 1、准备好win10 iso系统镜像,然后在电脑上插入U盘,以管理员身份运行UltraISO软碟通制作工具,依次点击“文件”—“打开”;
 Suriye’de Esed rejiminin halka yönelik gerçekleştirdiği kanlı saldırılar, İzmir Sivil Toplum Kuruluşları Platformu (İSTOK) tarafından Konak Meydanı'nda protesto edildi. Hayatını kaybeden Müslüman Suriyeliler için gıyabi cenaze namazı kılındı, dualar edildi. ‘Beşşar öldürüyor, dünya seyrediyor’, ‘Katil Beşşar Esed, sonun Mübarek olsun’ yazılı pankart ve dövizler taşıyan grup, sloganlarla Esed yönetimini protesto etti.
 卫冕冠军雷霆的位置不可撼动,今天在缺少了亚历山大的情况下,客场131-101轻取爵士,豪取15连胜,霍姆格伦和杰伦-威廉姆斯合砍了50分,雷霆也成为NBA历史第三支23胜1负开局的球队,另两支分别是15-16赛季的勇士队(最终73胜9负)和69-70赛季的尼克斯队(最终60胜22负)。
════
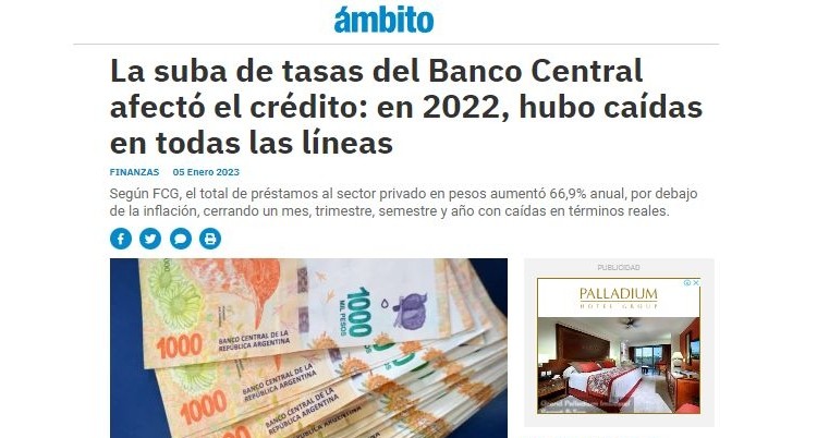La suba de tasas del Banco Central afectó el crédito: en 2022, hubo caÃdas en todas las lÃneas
════
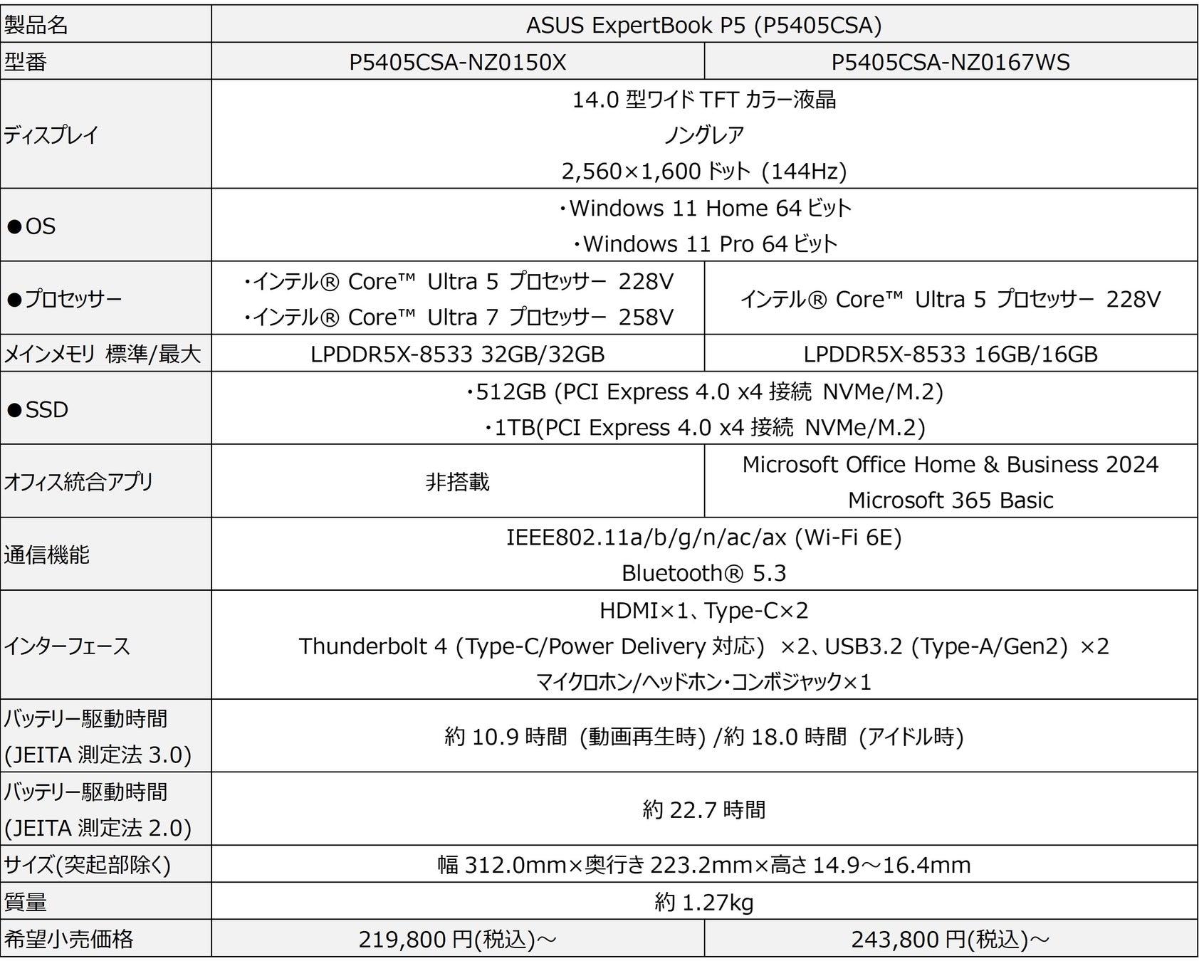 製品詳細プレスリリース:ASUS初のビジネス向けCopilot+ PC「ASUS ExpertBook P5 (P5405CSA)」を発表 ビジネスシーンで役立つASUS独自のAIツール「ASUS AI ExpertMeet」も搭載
════
§ **PROBLEM DETAILS**
Both end lines included, restate word for word the lines above from the line with "1、准备好win10 iso" to the line with "卫冕冠军雷霆的位置不可撼动,今天在缺少了", and nothing else.

§ **RESULT OF THIS TASK**
 1、准备好win10 iso系统镜像,然后在电脑上插入U盘,以管理员身份运行UltraISO软碟通制作工具,依次点击“文件”—“打开”;
 Suriye’de Esed rejiminin halka yönelik gerçekleştirdiği kanlı saldırılar, İzmir Sivil Toplum Kuruluşları Platformu (İSTOK) tarafından Konak Meydanı'nda protesto edildi. Hayatını kaybeden Müslüman Suriyeliler için gıyabi cenaze namazı kılındı, dualar edildi. ‘Beşşar öldürüyor, dünya seyrediyor’, ‘Katil Beşşar Esed, sonun Mübarek olsun’ yazılı pankart ve dövizler taşıyan grup, sloganlarla Esed yönetimini protesto etti.
 卫冕冠军雷霆的位置不可撼动,今天在缺少了亚历山大的情况下,客场131-101轻取爵士,豪取15连胜,霍姆格伦和杰伦-威廉姆斯合砍了50分,雷霆也成为NBA历史第三支23胜1负开局的球队,另两支分别是15-16赛季的勇士队(最终73胜9负)和69-70赛季的尼克斯队(最终60胜22负)。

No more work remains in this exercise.